La Ferme des pitchouns, première victime collatérale

Pierre Berger, jeune gérant de La Ferme des pitchouns, a quitté son ancien local des allées Georges-Leygues avec l'ambition de développer la vente directe de ses volailles et produits laitiers. À peine installé, il se retrouve confronté à cette encombrante voisine métallique. « J'ai appris son installation une semaine ou dix jours après mon ouverture. J'espérais que l'on trouverait une solution avec la Ville », confie-t-il, amer.
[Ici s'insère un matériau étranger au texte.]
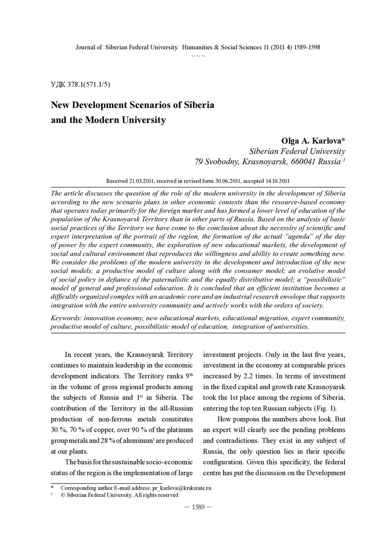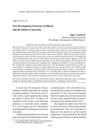 New Development Scenarios of Siberia and the Modern Universityстатья из журнала

Le chantier, déjà complexifié par la découverte de murs porteurs sans fondation - entraînant des coûts revus à la hausse et des délais prolongés - devrait maintenir la grue sur site au moins jusqu'en octobre 2026. Pour Pierre Berger, cette situation bloque tout développement de nouvelle clientèle. Il ne peut compter que sur ses habitués et estime son préjudice à 14 000 euros, somme qu'il réclame à la municipalité pour « perte d'exploitation et impossibilité de développement ».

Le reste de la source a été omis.